Exercise: Reproduce word for word the line holding "冷凍技術の進歩は、私達日本人の食生活を豊かにした。 その一例が、ここ かに政宗。" and all lines after it in the data, through the end, leaving out pictures.

Data below:
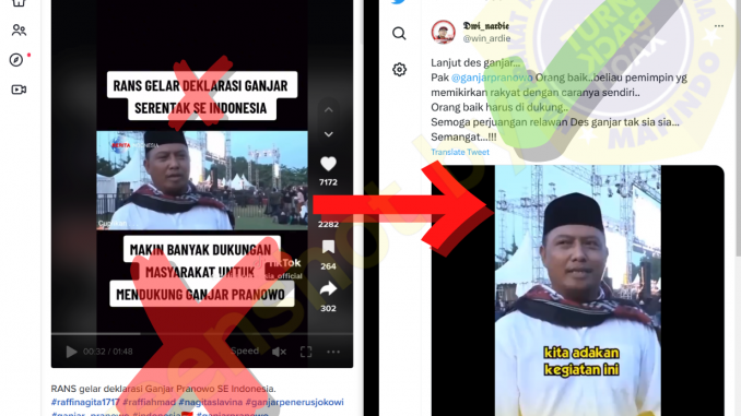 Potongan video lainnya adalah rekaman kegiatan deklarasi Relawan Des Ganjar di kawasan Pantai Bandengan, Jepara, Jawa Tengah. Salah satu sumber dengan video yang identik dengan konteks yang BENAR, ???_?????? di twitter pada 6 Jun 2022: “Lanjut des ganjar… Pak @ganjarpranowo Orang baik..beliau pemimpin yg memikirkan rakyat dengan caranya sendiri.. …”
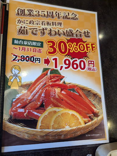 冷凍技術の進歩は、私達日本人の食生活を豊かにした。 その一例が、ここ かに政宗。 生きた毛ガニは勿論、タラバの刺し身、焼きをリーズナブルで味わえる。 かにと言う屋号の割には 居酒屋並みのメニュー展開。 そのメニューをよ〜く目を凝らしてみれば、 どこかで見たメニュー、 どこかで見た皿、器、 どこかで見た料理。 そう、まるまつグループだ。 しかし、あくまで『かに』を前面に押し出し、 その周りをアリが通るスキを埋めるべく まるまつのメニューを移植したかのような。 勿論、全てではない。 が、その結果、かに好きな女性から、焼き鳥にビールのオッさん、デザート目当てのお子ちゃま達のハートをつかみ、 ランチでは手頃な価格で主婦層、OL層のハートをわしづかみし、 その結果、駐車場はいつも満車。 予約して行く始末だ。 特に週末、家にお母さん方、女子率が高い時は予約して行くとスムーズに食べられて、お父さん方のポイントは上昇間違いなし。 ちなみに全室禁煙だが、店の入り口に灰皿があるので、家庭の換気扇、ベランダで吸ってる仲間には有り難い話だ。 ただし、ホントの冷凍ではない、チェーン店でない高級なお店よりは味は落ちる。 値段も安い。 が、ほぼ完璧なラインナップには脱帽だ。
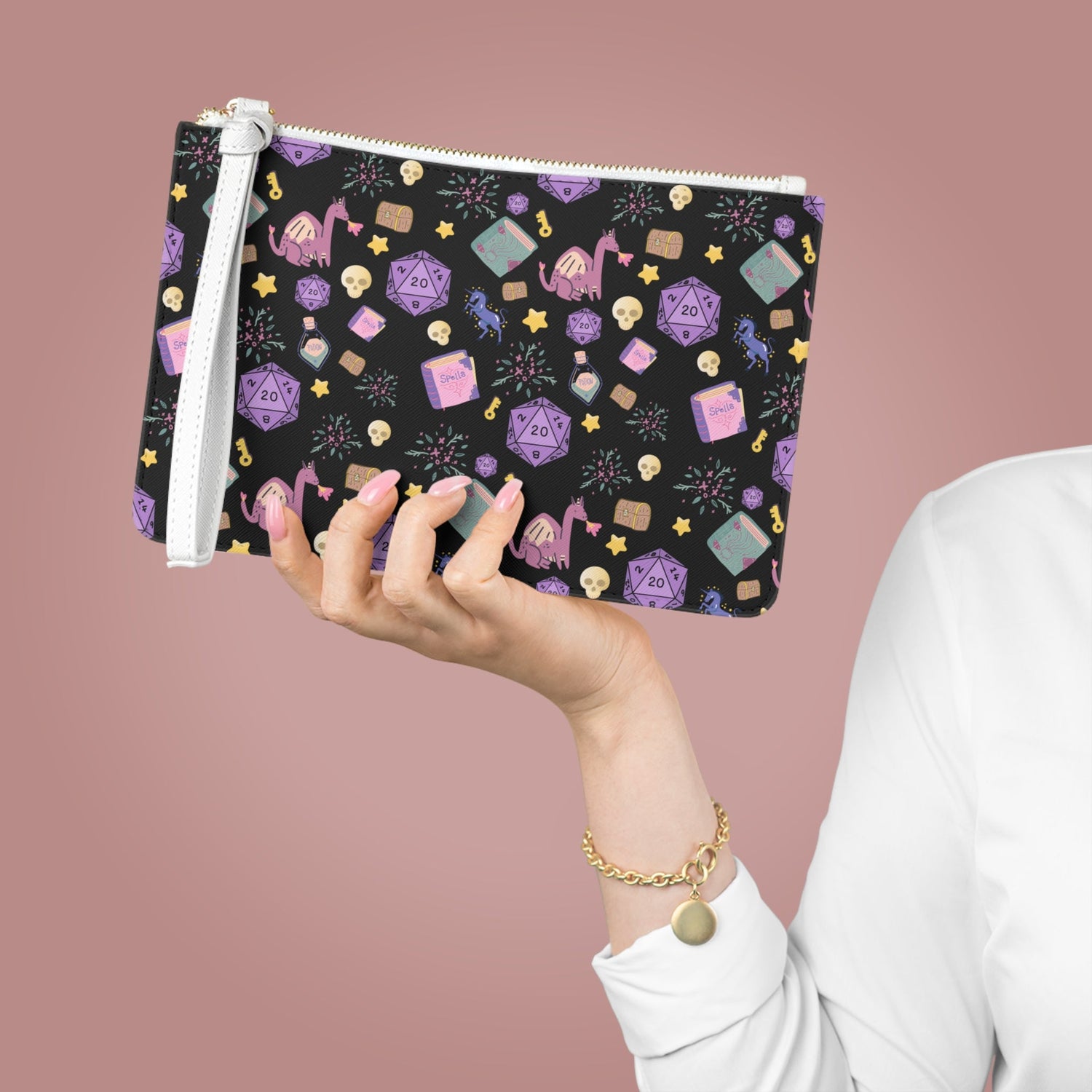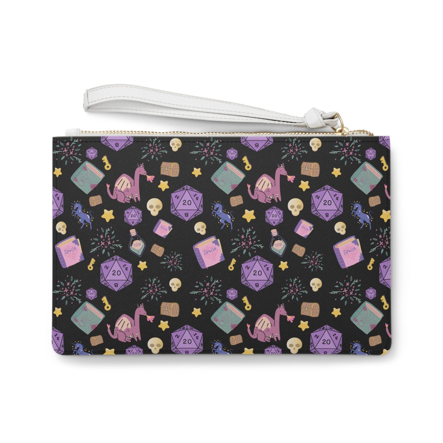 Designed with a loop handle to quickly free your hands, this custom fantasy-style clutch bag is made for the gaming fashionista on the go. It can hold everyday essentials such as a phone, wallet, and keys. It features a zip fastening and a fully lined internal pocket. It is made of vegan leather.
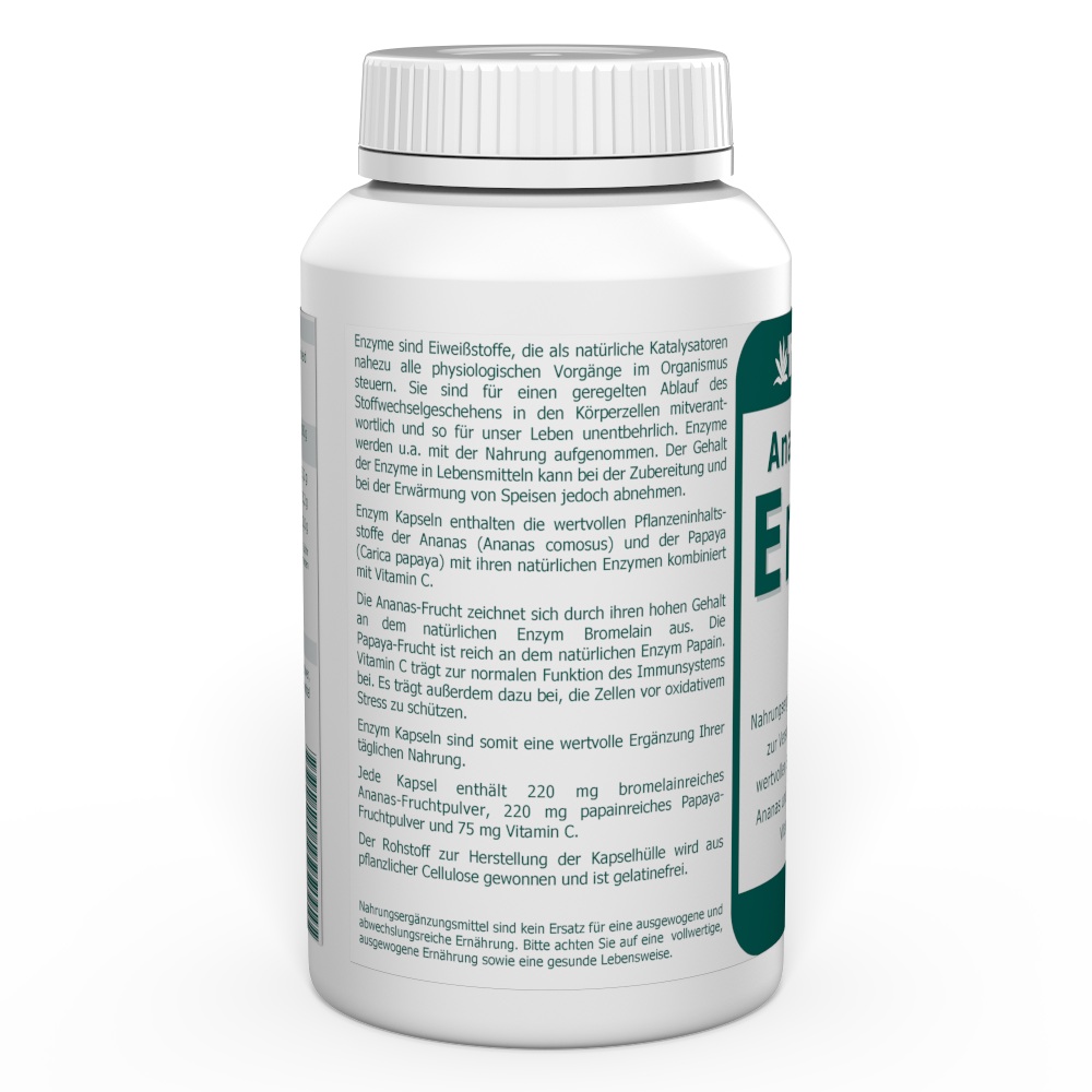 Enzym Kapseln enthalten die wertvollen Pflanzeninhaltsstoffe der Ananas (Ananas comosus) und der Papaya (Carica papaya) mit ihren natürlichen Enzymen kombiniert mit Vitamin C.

Expected answer:
 冷凍技術の進歩は、私達日本人の食生活を豊かにした。 その一例が、ここ かに政宗。 生きた毛ガニは勿論、タラバの刺し身、焼きをリーズナブルで味わえる。 かにと言う屋号の割には 居酒屋並みのメニュー展開。 そのメニューをよ〜く目を凝らしてみれば、 どこかで見たメニュー、 どこかで見た皿、器、 どこかで見た料理。 そう、まるまつグループだ。 しかし、あくまで『かに』を前面に押し出し、 その周りをアリが通るスキを埋めるべく まるまつのメニューを移植したかのような。 勿論、全てではない。 が、その結果、かに好きな女性から、焼き鳥にビールのオッさん、デザート目当てのお子ちゃま達のハートをつかみ、 ランチでは手頃な価格で主婦層、OL層のハートをわしづかみし、 その結果、駐車場はいつも満車。 予約して行く始末だ。 特に週末、家にお母さん方、女子率が高い時は予約して行くとスムーズに食べられて、お父さん方のポイントは上昇間違いなし。 ちなみに全室禁煙だが、店の入り口に灰皿があるので、家庭の換気扇、ベランダで吸ってる仲間には有り難い話だ。 ただし、ホントの冷凍ではない、チェーン店でない高級なお店よりは味は落ちる。 値段も安い。 が、ほぼ完璧なラインナップには脱帽だ。
 Designed with a loop handle to quickly free your hands, this custom fantasy-style clutch bag is made for the gaming fashionista on the go. It can hold everyday essentials such as a phone, wallet, and keys. It features a zip fastening and a fully lined internal pocket. It is made of vegan leather.
 Enzym Kapseln enthalten die wertvollen Pflanzeninhaltsstoffe der Ananas (Ananas comosus) und der Papaya (Carica papaya) mit ihren natürlichen Enzymen kombiniert mit Vitamin C.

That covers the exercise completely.